After one week of culture in the presence of G418, ABCB1 cell surface protein expression was characterized by flow cytometry as previously described with minor changes[11]. For each recombinant cell line, 106 cells were harvested by centrifugation and washed twice with ice-cold buffer solution (phosphate buffer saline (PBS), FBS 1%, EDTA 1 mM). Cells were then incubated 45 min on ice in the dark in buffer solution containing FITC Mouse anti-P-glycoprotein antibody diluted 1:10 (clone17F9 557002, BD Pharmingen) or its isotypic control diluted 1:10 (FITC Mouse IgG 2bk, clone27-35 555742, BD Pharmingen). Cells were finally washed with ice-cold buffer solution, centrifuged and resuspended in buffer solution. Samples were analyzed using Fluorescence-activated cell sorting (FACS) Canto II (BD).

Rivaroxaban accumulation

Rivaroxaban accumulation experiments were performed as previously described for tacrolimus or cyclosporin A[11]. One day before the experiment, 350.000 cells were seeded in poly-L-lysine-coated 24-well plates in 500 µl of complete medium. Rivaroxaban was added at 5 different concentrations: 50, 100, 250, 500 and 1000 ng/ml. Recombinant cells were incubated for 120 min at 37 °C, 5% of CO2[22]. Cells were then washed twice with ice-cold PBS. Cold conditions were applied to block enzymatic activity and to avoid active transport out of the cells, thereby preventing any drug loss during washing steps. After centrifugation and removal of the supernatant, cells were detached with ice-cold PBS containing 0.2% EDTA. Cell pellets were conserved at −80 °C until quantification by LC-MS/MS analysis.

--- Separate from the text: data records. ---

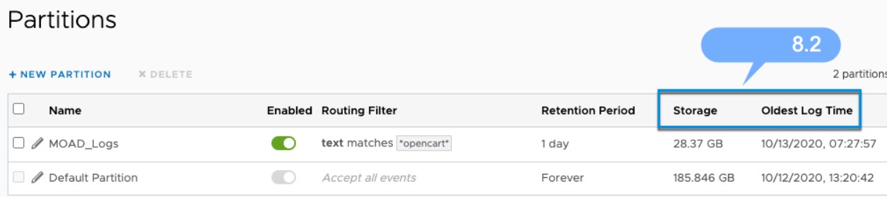 Variable Retention , günlük mesajları ve günlük verileri için farklı saklama süreleri belirlemenize olanak tanımaktadır . Aslında Retention Period 8.1 sürümün bir parçası olarak tanıtılmıştı. 8.2 sürümünde ise her bölümün storage ve eski günlük log zamanlarını’da görebilirsiniz.
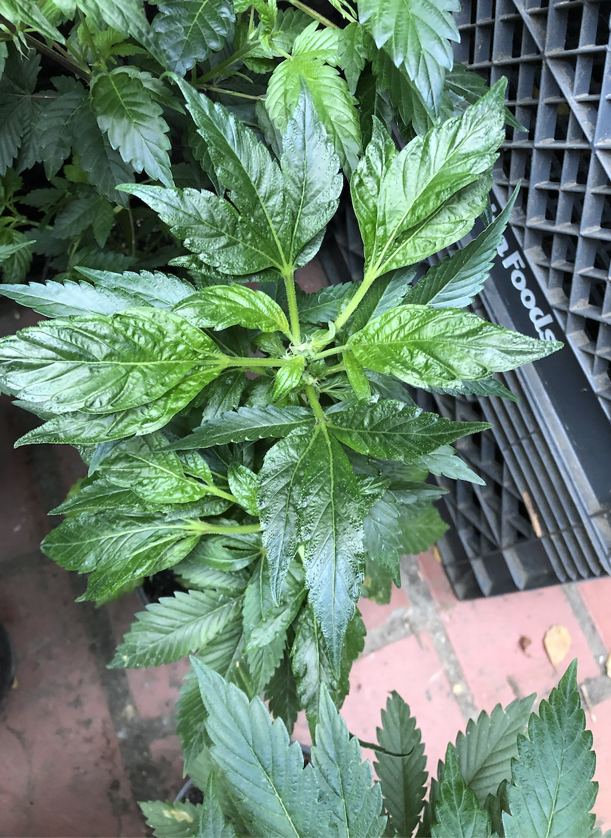 My 2021 gals. Moved my indoor set-up outdoors. I guess it's a "Hybrid Grow" now. We had some pretty steady rain and it kept everything dry inside.
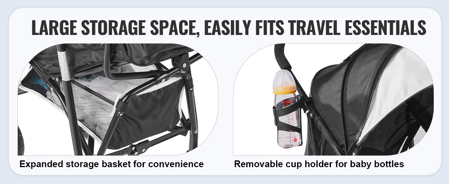 Ľahký detský kočík je vybavený veľkým úložným košom pod ním a odnímateľným držiakom na poháre vedľa rukoväte. Ľahko sa do neho zmestia potrebné veci pre dieťa aj rodiča.
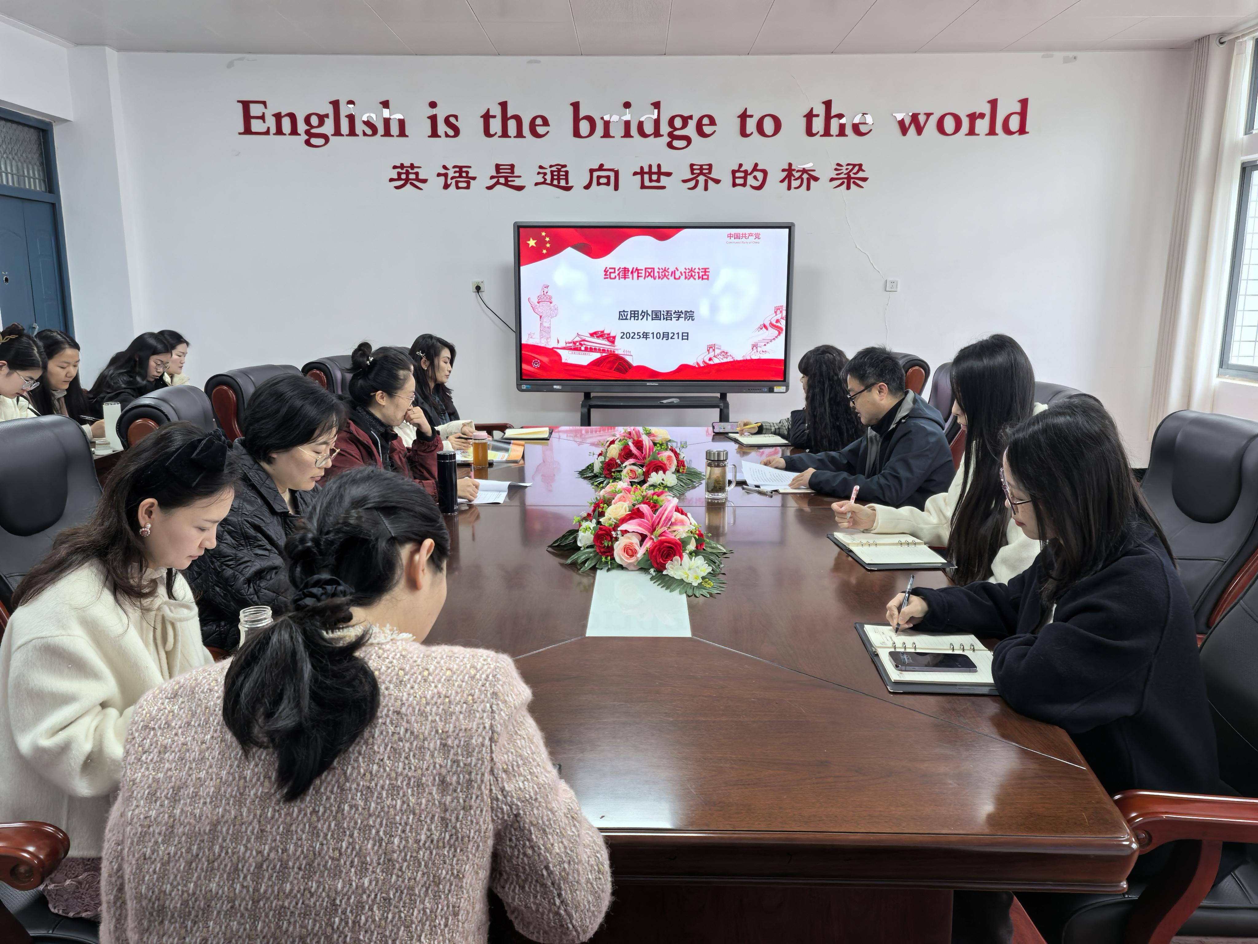 为深入贯彻落实学校党委关于开展“纪律规矩教育月”及“青年知廉”警示教育活动的统一部署要求,切实增强学院党员干部及青年教师的纪律意识、规矩意识和廉洁自律能力, 2025年10月22日,beat365英国官网网站在2406会议室组织召开“面对面”纪律作风谈心谈话会。学院党总支书记徐昊与教研室负责人、青年教师代表进行了集体谈心谈话。

Rivaroxaban quantification

The amount of rivaroxaban extracted from the cell pellet was quantified by LC-MS/MS analysis according to a previously described method, with minor adaptive changes in the sample preparation[30]. The chromatography system was made up of an UPLC Acquity H-Class system (Waters) coupled with a tandem-quadrupole mass spectrometer Xevo TQ-S (Waters). Separation of the analytes was achieved on a Waters Cortecs UPLC C18 column (2.1 × 100 mm, 1.6 µm). Rivaroxaban was extracted with 100 µl of methanol and water (volume ratio 7:3) containing the internal standard ([13C6]-rivaroxaban-d5) at 2 ng/ml. Blank cell pellets were prepared similarly for the calibration curve, with extraction solutions containing rivaroxaban at concentrations ranging from 0.125 ng/ml to 50 ng/ml. Samples were vortexed and then sonicated for 10 minutes in an ultrasound bath. After centrifugation at 20,000 g for 10 minutes, the supernatant was transferred to a HPLC vial (Macheray-Nagel, Düren, Germany). An aliquot (2 µL) of the final extract was injected into the LC-MS/MS system. For each experiment, the absolute amount of rivaroxaban recovered from the cell extracts was normalized to the amount of proteins measured with the BCA kit (Thermoscientific, Ghent, Belgium).

Statistical analysis

All experiments were repeated twice. Statistical analyses were performed using GraphPad Prism 7.0 for Windows (San Diego California, USA). Analyses of variance were used under the null hypothesis that the means of the different groups were equal. When differences among means were significant, post-hoc Student-Newman-Keuls tests were carried out. In all cases, a p-value of less than 0.05 was considered statistically significant.

Data availability

All data generated or analyzed during the current study are available from the corresponding author on reasonable request.